The idea that U.S. parties should care more about the country than partisan rivalry is gone. Members of the House, in particular, seem to find excuses to clobber each other even though secretly, they probably agree with each other. 

If members of the House had to unite to save the Earth from destruction by evil space aliens, they would probably do it. But only with a few seconds to spare, after many timid souls had already died from fright.

On the other hand, Zika could end up ranking up there in frightfulness with evil space aliens. It could press its luck with our immune systems and pharmaceutical companies a little too far and get vaccinated away. Or, it could educate itself, learn how to spread more efficiently from person to person, and get scarier.
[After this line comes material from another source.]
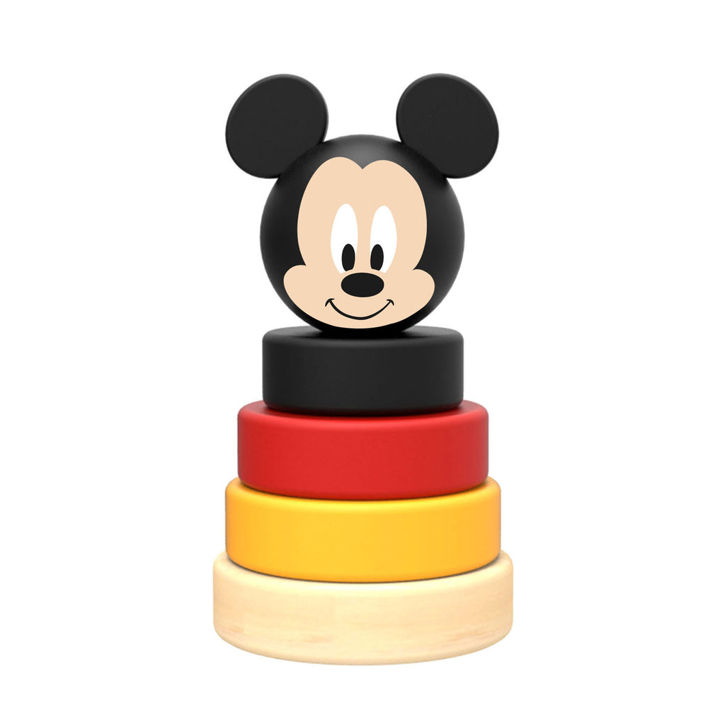 Disney stapeltoren Mickey Mouse. Laat jouw kleintje de ringen van de juiste grootte op elkaar leren stapelen samen met Mickey Mouse. Goed voor het bevorderen van de oog- en handcoördinatie. Materiaal: hout. Afmetingen: 6 x 10 centimeter. Geschikt voor kinderen van 1 tot 4 jaar oud. Inhoud: 1 pin, 3 ringen, 1 Mickey Mouse.

It appears to have the capacity to destroy the minds of the fetuses of a high percentage of the pregnant women it infects.
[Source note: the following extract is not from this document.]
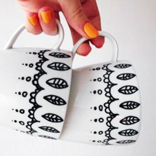 Los marcadores para porcelana los encuentras fácilmente en las tiendas de manualidades. Inventa tu diseño sobre papel y luego trázalo sobre las tazas.

New research seems to suggest that the virus might damage of the brains of 13 percent of the pregnant women who suffer from Zika early in the course of pregnancy.

It also appears to have some capacity to cause paralysis in adults.

The idea that bickering over how the Obama administration pays for the Patient Protection and Affordable Care Act (PPACA) programs should delay the effort to keep infected mosquitoes from destroying babies' lives and paralyzing adults is absurd.

Aside from horrifying misery Zika could cause, if, say, Zika led to permanent brain damage in about one out of 1,000 babies born in 2017, that could easily lead to about $40 billion in lifetime acute health care and long-term care (LTC) costs for those babies — 4,000 babies times $10 million in lifetime LTC costs each.

If Zika led to disabling paralysis in, say, 1,000 working-age adults, that could lead to a few billion dollars in acute care and LTC costs, and, possibly, hundreds of millions of dollars in private disability insurance claims.

On the third hand, we have three leading presidential candidates, and some small-party candidates, running around trying to look as if they care about America, not just clobbering the other candidates.

What if they got together in a secret hideaway and hammered out a proposal to provide a solid level of funding for the Zika fight, and have the battle over where exactly the money to support the Zika fight should come from move along a separate track?

What if Hillary Clinton, Bernie Sanders and Donald Trump, and maybe even Gary Johnson and Jill Stein, united to say they care more about the health of babies than about party politics, and they all pledged their support for that proposal?

They would look like they cared about the country, and babies, more than they care about polls. They would look like leaders.

So, of course, that's probably not possible. But why is it not possible? Why is our system so deranged that people who are pretending to care enough about the country to lead it can't even summon enough bipartisanship (or multi-partisanship) to stand up for babies?